### [Problem statement]
The following data has a line with "在招新现场,院领导亲切地与学" and a line with "You now have". Write out exactly those lines and all the lines between them.

### [Supplied records]
------------------------------------------------------------
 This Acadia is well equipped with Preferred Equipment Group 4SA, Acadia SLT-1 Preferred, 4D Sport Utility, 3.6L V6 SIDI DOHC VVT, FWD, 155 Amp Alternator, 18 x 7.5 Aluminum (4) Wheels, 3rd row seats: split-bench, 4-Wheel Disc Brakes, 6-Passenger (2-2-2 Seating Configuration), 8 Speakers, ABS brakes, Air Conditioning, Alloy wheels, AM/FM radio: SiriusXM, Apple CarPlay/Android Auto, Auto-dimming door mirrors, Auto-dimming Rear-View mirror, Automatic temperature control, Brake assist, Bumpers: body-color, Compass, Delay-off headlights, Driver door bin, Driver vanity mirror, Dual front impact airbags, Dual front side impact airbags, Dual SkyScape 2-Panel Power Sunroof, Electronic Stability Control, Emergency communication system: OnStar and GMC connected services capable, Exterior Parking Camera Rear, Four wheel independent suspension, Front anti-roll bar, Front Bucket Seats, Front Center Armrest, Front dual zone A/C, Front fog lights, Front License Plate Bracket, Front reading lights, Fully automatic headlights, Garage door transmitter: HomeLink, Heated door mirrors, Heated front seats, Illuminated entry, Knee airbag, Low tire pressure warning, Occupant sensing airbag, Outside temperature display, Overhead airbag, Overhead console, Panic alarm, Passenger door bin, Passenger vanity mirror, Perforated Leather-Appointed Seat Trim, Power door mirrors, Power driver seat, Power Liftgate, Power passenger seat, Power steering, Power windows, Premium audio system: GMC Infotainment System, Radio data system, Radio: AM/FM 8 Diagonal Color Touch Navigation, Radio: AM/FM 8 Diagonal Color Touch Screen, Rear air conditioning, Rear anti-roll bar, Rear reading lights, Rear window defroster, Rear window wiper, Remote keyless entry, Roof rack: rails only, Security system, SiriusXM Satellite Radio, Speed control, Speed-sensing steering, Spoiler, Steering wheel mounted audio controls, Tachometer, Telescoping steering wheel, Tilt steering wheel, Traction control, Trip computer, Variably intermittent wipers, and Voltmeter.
------------------------------------------------------------
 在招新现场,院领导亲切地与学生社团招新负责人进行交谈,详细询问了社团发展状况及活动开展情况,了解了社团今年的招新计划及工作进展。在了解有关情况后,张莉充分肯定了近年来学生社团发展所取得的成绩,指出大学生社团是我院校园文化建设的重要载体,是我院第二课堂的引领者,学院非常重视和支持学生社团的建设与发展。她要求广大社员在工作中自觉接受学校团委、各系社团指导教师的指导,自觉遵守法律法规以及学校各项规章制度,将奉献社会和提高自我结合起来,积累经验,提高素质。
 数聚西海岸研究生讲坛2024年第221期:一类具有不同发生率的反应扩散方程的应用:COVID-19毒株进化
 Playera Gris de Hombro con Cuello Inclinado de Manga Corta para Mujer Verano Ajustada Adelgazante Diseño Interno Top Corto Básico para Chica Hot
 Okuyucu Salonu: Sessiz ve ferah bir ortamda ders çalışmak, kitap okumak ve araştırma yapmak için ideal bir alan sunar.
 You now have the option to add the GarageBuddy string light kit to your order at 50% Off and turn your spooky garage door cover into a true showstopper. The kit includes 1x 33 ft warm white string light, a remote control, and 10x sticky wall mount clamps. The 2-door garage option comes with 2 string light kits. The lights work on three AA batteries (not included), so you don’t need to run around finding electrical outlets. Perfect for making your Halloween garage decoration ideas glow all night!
------------------------------------------------------------
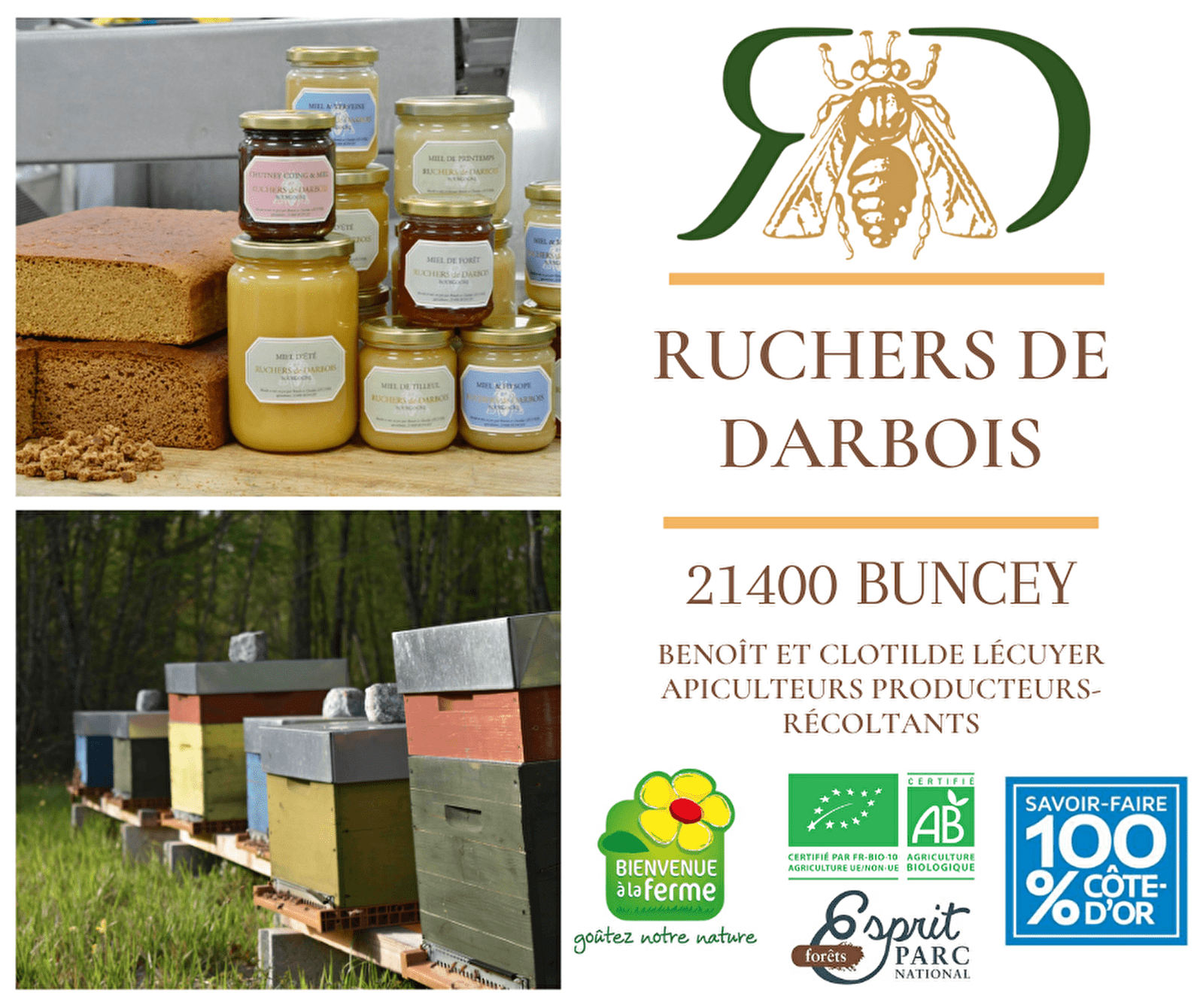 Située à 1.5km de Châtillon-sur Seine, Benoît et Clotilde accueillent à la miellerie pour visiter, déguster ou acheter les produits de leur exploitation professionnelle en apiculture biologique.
------------------------------------------------------------
### [Result below]
 在招新现场,院领导亲切地与学生社团招新负责人进行交谈,详细询问了社团发展状况及活动开展情况,了解了社团今年的招新计划及工作进展。在了解有关情况后,张莉充分肯定了近年来学生社团发展所取得的成绩,指出大学生社团是我院校园文化建设的重要载体,是我院第二课堂的引领者,学院非常重视和支持学生社团的建设与发展。她要求广大社员在工作中自觉接受学校团委、各系社团指导教师的指导,自觉遵守法律法规以及学校各项规章制度,将奉献社会和提高自我结合起来,积累经验,提高素质。
 数聚西海岸研究生讲坛2024年第221期:一类具有不同发生率的反应扩散方程的应用:COVID-19毒株进化
 Playera Gris de Hombro con Cuello Inclinado de Manga Corta para Mujer Verano Ajustada Adelgazante Diseño Interno Top Corto Básico para Chica Hot
 Okuyucu Salonu: Sessiz ve ferah bir ortamda ders çalışmak, kitap okumak ve araştırma yapmak için ideal bir alan sunar.
 You now have the option to add the GarageBuddy string light kit to your order at 50% Off and turn your spooky garage door cover into a true showstopper. The kit includes 1x 33 ft warm white string light, a remote control, and 10x sticky wall mount clamps. The 2-door garage option comes with 2 string light kits. The lights work on three AA batteries (not included), so you don’t need to run around finding electrical outlets. Perfect for making your Halloween garage decoration ideas glow all night!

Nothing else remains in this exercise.